In the present study, we report for the first time, the selection and characterization of 5-methyl tryptophan resistant shoot lines of V. minor with enhanced production of vincamine and their ISSR marker based genetic profiling.
Materials and methods
Selection of 5-MT tolerant shoots
Shoots of V. minor were maintained on a shoot multiplication medium consisting of MS basal (Murashige and Skoog 1962) with 1.0 mg/l 6-benzyladenine (BA) and 0.1 mg/l naphthalene acetic acid (NAA). The nodal explants were placed on multiplication medium fortified with 10–50 mg/l 5-MT to determine the lethal and LD50 (lethal dose where 50 % population was allowed to survive) dose of the analogue. The survival of axillary buds, elongation and shoot growth were taken as the criteria for screening the 5-MT tolerant lines. The variants obtained were regularly sub-cultured on medium supplemented or devoid of 5-MT for 3–4 passages. Every sub cycle consisted of an 8-week passage. The best growing shoots were then transferred to two levels higher and one level lower than the original 5-MT concentration for 5–6 subsequent sub cycles. Shoot showing stable survival and shoot proliferation rate at the varying level of 5-MT were characterized on the basis of stability of acquired trait in presence and absence of the 5-MT, free tryptophan levels and alkaloid profiling. The temperature and relative humidity (RH) were maintained at 26 ± 2 °C and 70–80 %, respectively.
Glasshouse hardening
Before transplantation, shoots were shifted to rooting medium consisting of MS basal medium supplemented with 3 mg/l IBA (indole, 3- butyric acid). The 15 days-old rooted 5-MT-tolerant shoots were transferred to soil. Plantlets were taken out from the culture vessel and thoroughly washed with running tap water to remove the adhered phytagel.

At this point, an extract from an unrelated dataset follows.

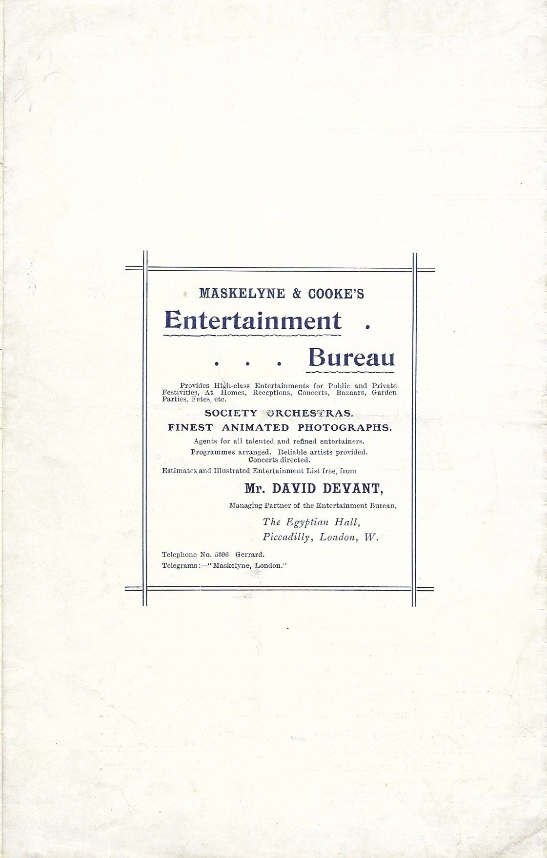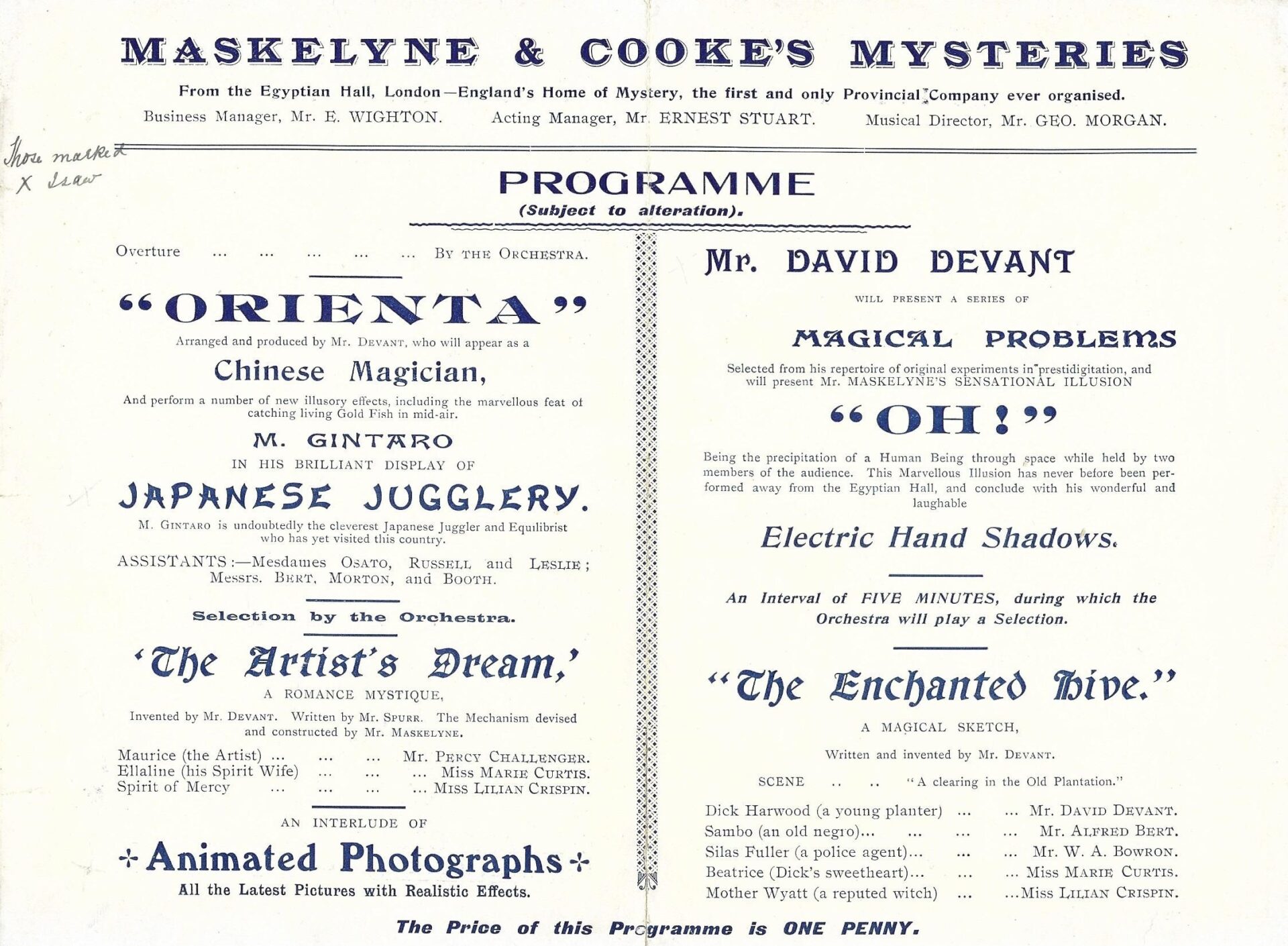 According to Devant in his book ‘My Magic Life’ the sketch ‘The Enchanted Hive’, which is on this programme, was first introduced on 8 December 1902. If Devant was correct, this programme must therefore be dated 8 December 1902 or later. If so, the pencil date of 17 January 1900 on the programme’s cover must be incorrect. The bill includes David Devant.

Finally they were planted in a mixture of sterilized soil and vermicompost (1:1) in earthen pots.
ISSR Profiling
Ten ISSR markers were utilized to amplify products from the isolated DNA of all the three selected lines (Table 1). Plant genomic DNA was isolated according to the procedure of Khanuja et al. (1999). The PCR mixture consisted of 2.5 μl of 10× taq buffer, 1.0 μl of 10 mM dNTPs mix, 1.25 unit of taq DNA polymerase, 6 pmol of primer i.e.1 μl of the primer. ISSR reactions were performed with 25 ng of DNA. PCR was carried out by denaturation at 94 °C for 5 min followed by 45 cycles of 1 min denaturation at 94 °C, annealing at 45 °C for 1 min and extension at 72 °C for 2 min with the final extension of 5 min at 72 °C. PCR reactions were performed in 90 well thermocycler (Eppendorf, Germany). Isolated DNA and the amplified products were separated by electrophoresis on 0.8 % (DNA yield) and 1.2 % (PCR product) agarose gel, respectively, stained with 0.5 mg/l ethidium bromide using 50 mA current for 3 h in 1x tris EDTA buffer and visualized by fluorescence under UV light. To calculate the band sizes, double digested λ DNA with EcoRI and HindIII was loaded as standard molecular weight marker. The bands were visualized and photographed using Gel Documentation System (XR-Quantity One, Bio-Rad Laboratories). A similarity matrix was obtained after multivariate analysis using Nei and Li’s coefficient (Nei and Li 1979). These similarity coefficients were used to generate a tree for cluster analysis using the UPGMA (Unweighted Pair Group Method with Arithmetic Mean) method and the software NTSYS 2.1 (Numerical Taxonomy and Multivariate Analysis System).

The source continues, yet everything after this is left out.